Carbodies Limited is a British company, based at Holyhead Road, Coventry. It started business as a coachbuilder, and now, as The London Taxi Company is best known for its production of London taxicabs.
The business began in 1919, when Robert 'Bobby' Jones, a former general manager at coachbuilder Hollick and Pratt took over the coachbuilding operations of his then employer, timber merchants Gooderhams and set up in business in premises acquired from Thomas Pass in West Orchard, Coventry.
Rather than make bespoke bodies to individual designs, Carbodies set out to produce coachwork to a number of standardised designs for car companies that did not have their own coachbuilding facilities. Their first major customers during the 1920s were MG and Alvis Cars. The scale of a new contract to build bodies for the MG M-Type Midget meant that they needed larger premises and in 1928, they moved to a larger site on Holyhead Road, where they remain to this day. In the 1930s, they supplied bodies for Rover, Invicta and Railton, but by far their biggest and most important customer in that decade was the Rootes Group.
During World War II the company made bodies for military vehicles. They also acquired press tools through the Lend-Lease scheme, which enabled them to make aircraft components. Carbodies also became a limited company at this time, with Bobby Jones as governing director and his son, Ernest Jones managing director.
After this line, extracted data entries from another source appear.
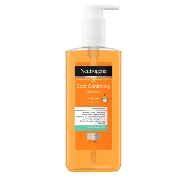 فعالية قصوى لتنظيف البشرة والتحكم في البقع من خلال تغلغل مسام البشرة بعمق للتخلص من البقع وحماية البشرة. يساعد غسول نيوتروجينا اليومي للتحكم في البقع على تنظيف الشوائب أو الحبوب من اليوم الأول كما أنه يحمي البشرة بعمق لتصبح أكثر نضارة ونعومة ومدعمة بالحماية القصوى. مع تقنية ™ClearDefend الحصرية من نيوتروجينا لإزالة البقع. أثبت مخبرياً عدم مساس غسول نيوتريجينا للتحكم في البقع بمغذيات البشرة الأساسية وفعاليته في تعزيز درع البشرة الطبيعي للمساعدة على تجنب ظهور شوائب أو حبوب. ملائم للبشرة الحساسة. يمنع ظهور البقع والحبوب لضمان بشرة خالية من العيوب مناسب لجميع أنواع البشرة 2% حمض الساليسيليك خالي من كبريتات السلفيت والزيت تم تطويره مع أطباء الجلدية المكونات: Aqua, Cocamidopropyl Hyroxysultaine, Sodium Methl Cocoyl Taurate, Glycerin, 2% Salicyclic Acid, Sodium Hydrolyzed Potato Starch Dodecenylsuccinate, C12-15 Alkyl Lactate, Lactic Acid, Panthenol, Cocamidopropyl PG-Dimonium Chloride Phosphate, PEG-120 Methyly Glucose Dioleate, Sodium Chloride, Disodium EDTA, Citric Acid, Sodium Hydoxide, Tocopherol, Benzalkonium Chloride, Parfum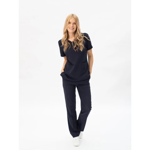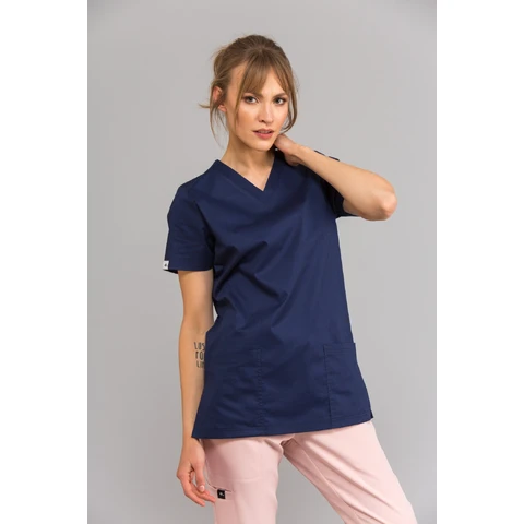 ROZA Dametunika med knapper i front Ink Blue+White XL
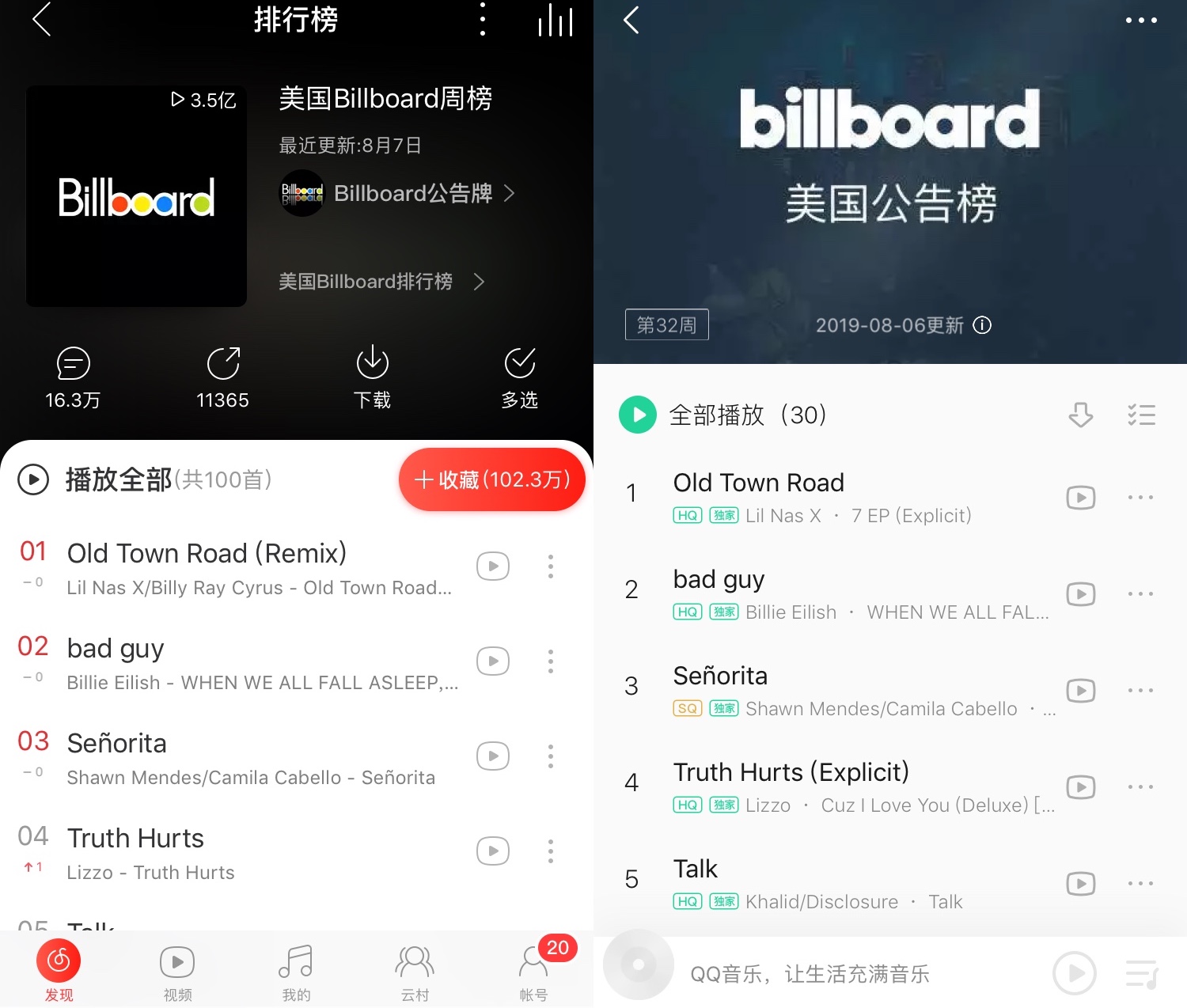 即便在国内,网易云和 QQ 音乐等平台也会每周更新美国 Billboard 的排行榜资讯,B 站上比较受欢迎的字幕版每周 Billboard 视频也有将近 10 万播放量和数千条弹幕,有一定固定受众。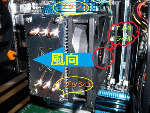 ★ファンの取り付け方、風向(ファンのセンターのシール確認)、ゴムブッシュの取り付け方法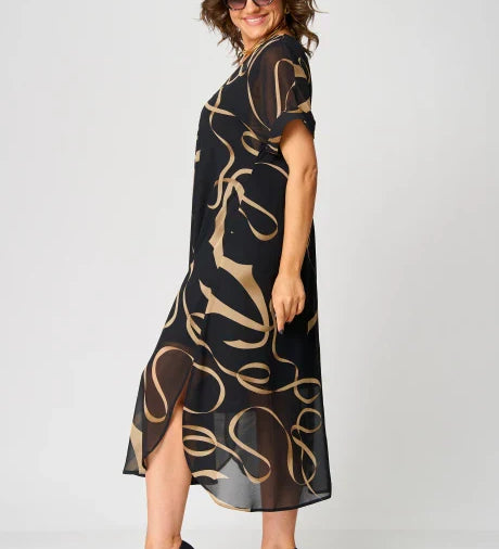 Haljina s cvetličnim vzorcem in kratkimi rokavi
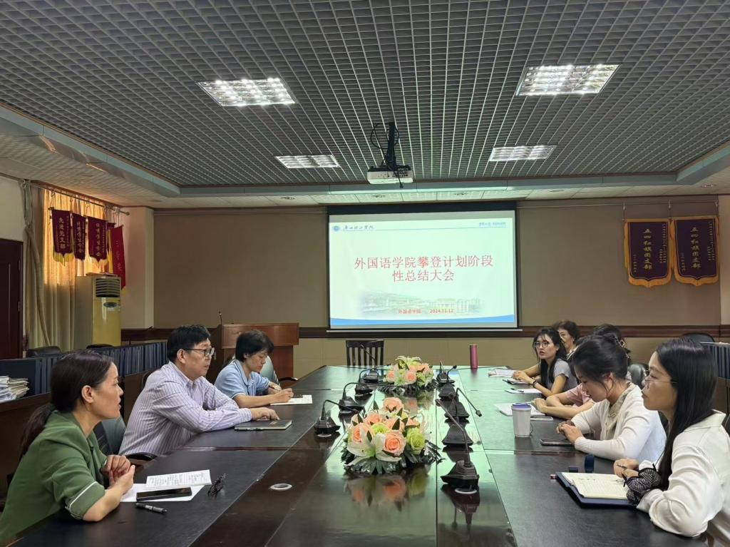 为总结教学工作,改进教学方法及成果产出,近日,122cc太阳集成游戏在7-301教室成功召开了“攀登计划”阶段性总结大会。出席大会的有韩院长、冯军霞副院长、大英部系主任董华及全体任课老师。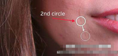 使用鼠標抓住第二個圓圈并將其拖到光滑的皮膚區(qū)域,然后再次單擊。第二圈內(nèi)的區(qū)域?qū)⒂糜谥委煹谝蝗Φ钠つw。Lightroom會自動將其融合,使其與周圍的皮膚區(qū)域看起來很自然。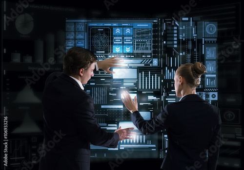 interface, panel, businesswoman, working, virtual, market, search, network, businessman, man, partner, partnership, sensor, dark, black, back, rear, touch, net, attractive, globalisation, innovation, business, presentation, cyberspace, diagram, datum, digital, report, female, technology, computer, graph, smile, connection, contact, woman, use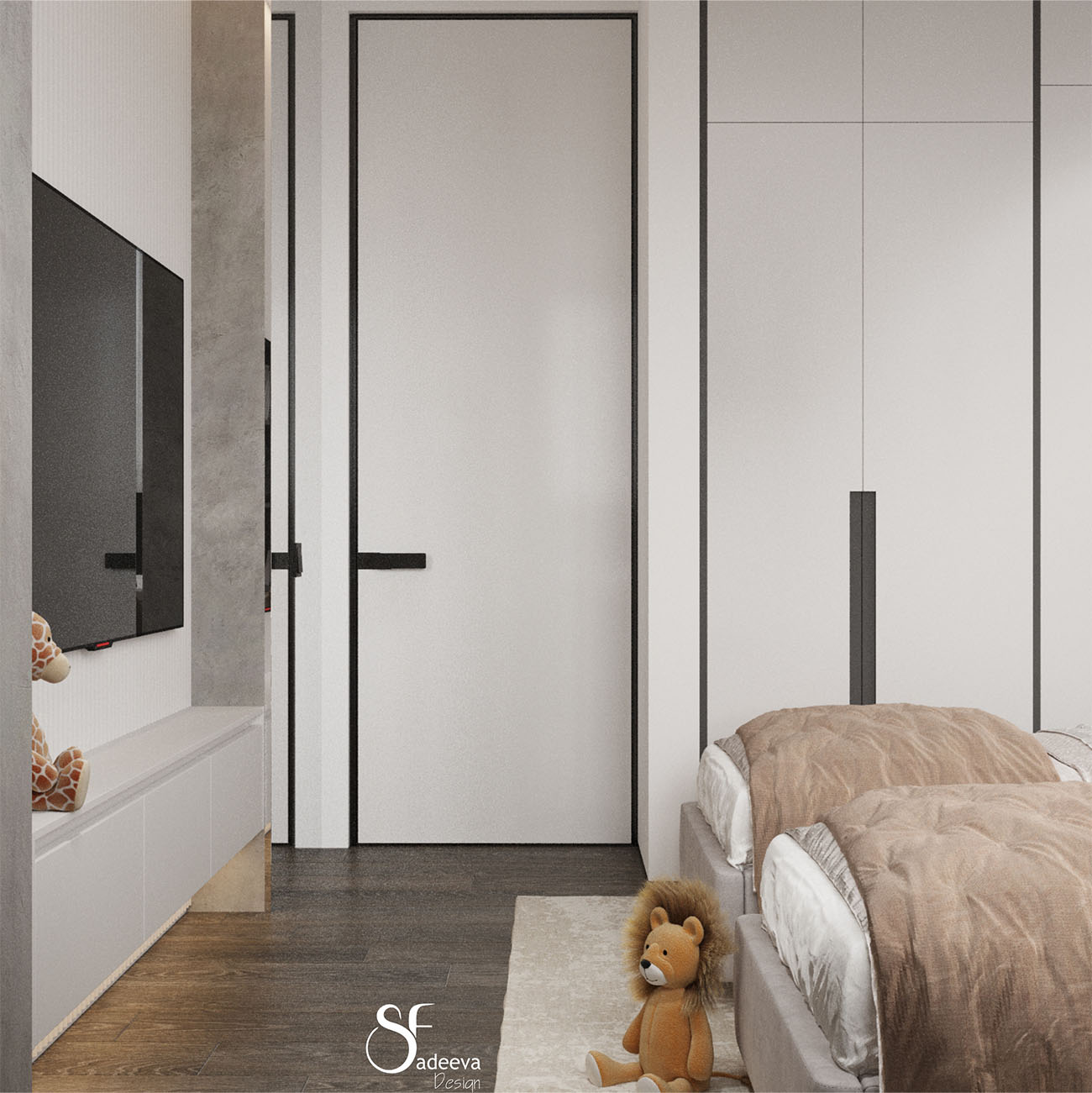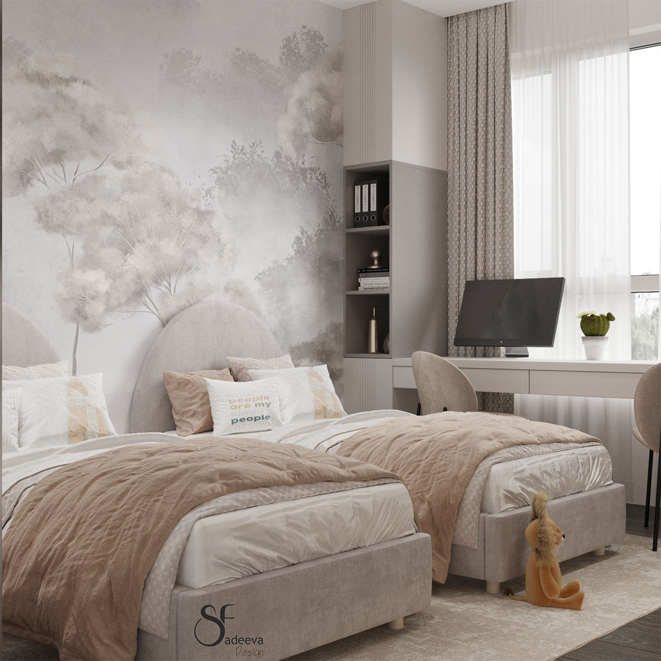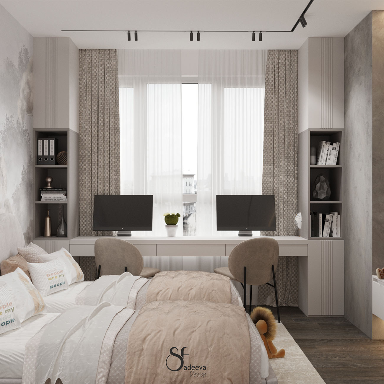 Детская площадью 13,2 м² в ЖК «Айвазовский» г. Владивосток. Комната с гардеробной и большой рабочей зоной была разработана для двух сестер. Задачей было создать интерьер, который не потеряет актуальность и тогда, когда девочки станут старше.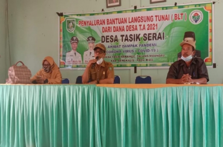 Pada hari selasa tanggal 29 juni 2021 di aula kantor desa tasik serai kecamatan talang muandau kabupaten bengkalis mengadakan penyaluran bantuan langsung tunai (BLT) yang berlangsung pada pukul 02:00 wib sampai dengan selesai yang berjumlah sebesar Rp.300.000 ribu rupiah untuk diserahkan kepada masyarakat desa tasik serai yang membutuhkan.

After the war Carbodies negotiated with London taxi dealer Mann & Overton and Austin to make bodies for the Austin FX3 taxi as well as finishing and delivering the complete vehicles. They also developed a system for turning modern all-steel saloon cars into convertibles. This work was carried out on the early unit construction Hillman Minx, the Austin Somerset and Hereford, the Ford Mk1 Consul and Zephyr and, later the Mk2 Ford Consul, Zephyr and Zodiac.